## Task
Hunt for the word "Dance" across the entries below, copying each line that holds it.

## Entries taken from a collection

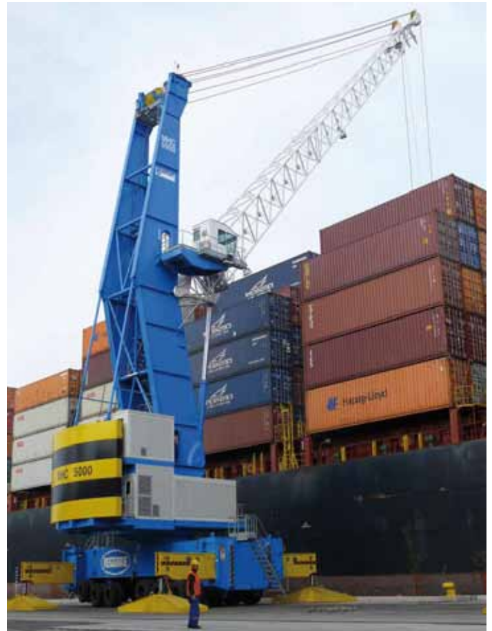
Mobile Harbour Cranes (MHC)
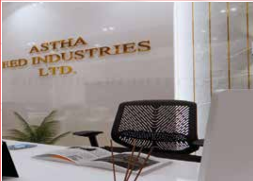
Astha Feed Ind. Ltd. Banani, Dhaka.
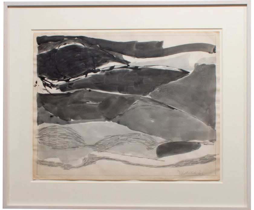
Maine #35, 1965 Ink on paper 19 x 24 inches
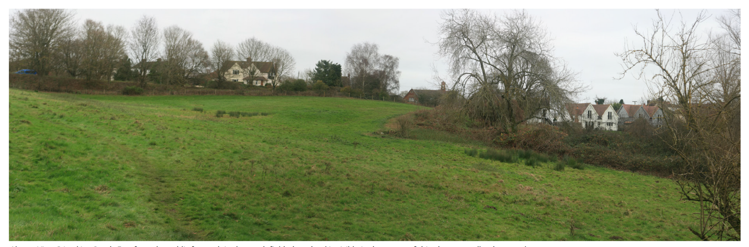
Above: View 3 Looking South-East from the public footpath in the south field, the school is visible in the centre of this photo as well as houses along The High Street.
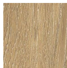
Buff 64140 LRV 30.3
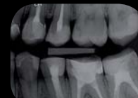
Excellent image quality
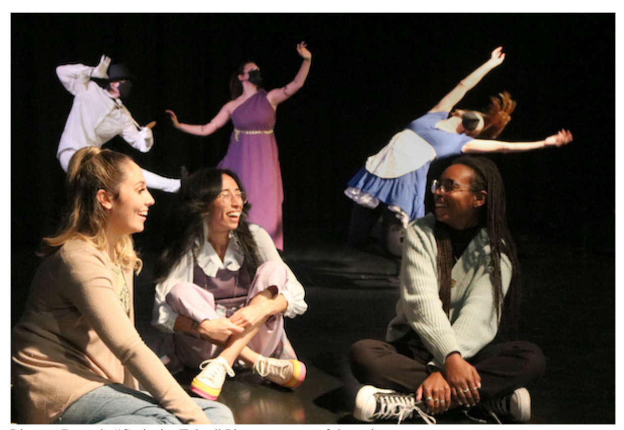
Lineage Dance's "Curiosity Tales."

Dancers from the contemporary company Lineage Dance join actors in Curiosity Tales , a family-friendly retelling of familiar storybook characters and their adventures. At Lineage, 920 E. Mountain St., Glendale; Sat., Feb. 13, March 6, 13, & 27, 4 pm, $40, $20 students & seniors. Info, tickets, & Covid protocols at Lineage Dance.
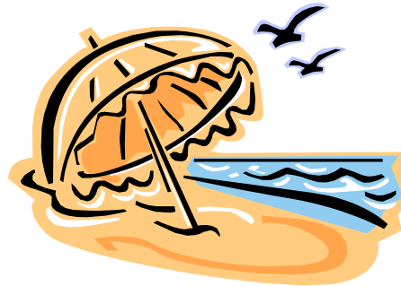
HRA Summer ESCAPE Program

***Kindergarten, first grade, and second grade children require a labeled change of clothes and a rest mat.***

## Result for this exercise
Lineage Dance's "Curiosity Tales."
Dancers from the contemporary company Lineage Dance join actors in Curiosity Tales , a family-friendly retelling of familiar storybook characters and their adventures. At Lineage, 920 E. Mountain St., Glendale; Sat., Feb. 13, March 6, 13, & 27, 4 pm, $40, $20 students & seniors. Info, tickets, & Covid protocols at Lineage Dance.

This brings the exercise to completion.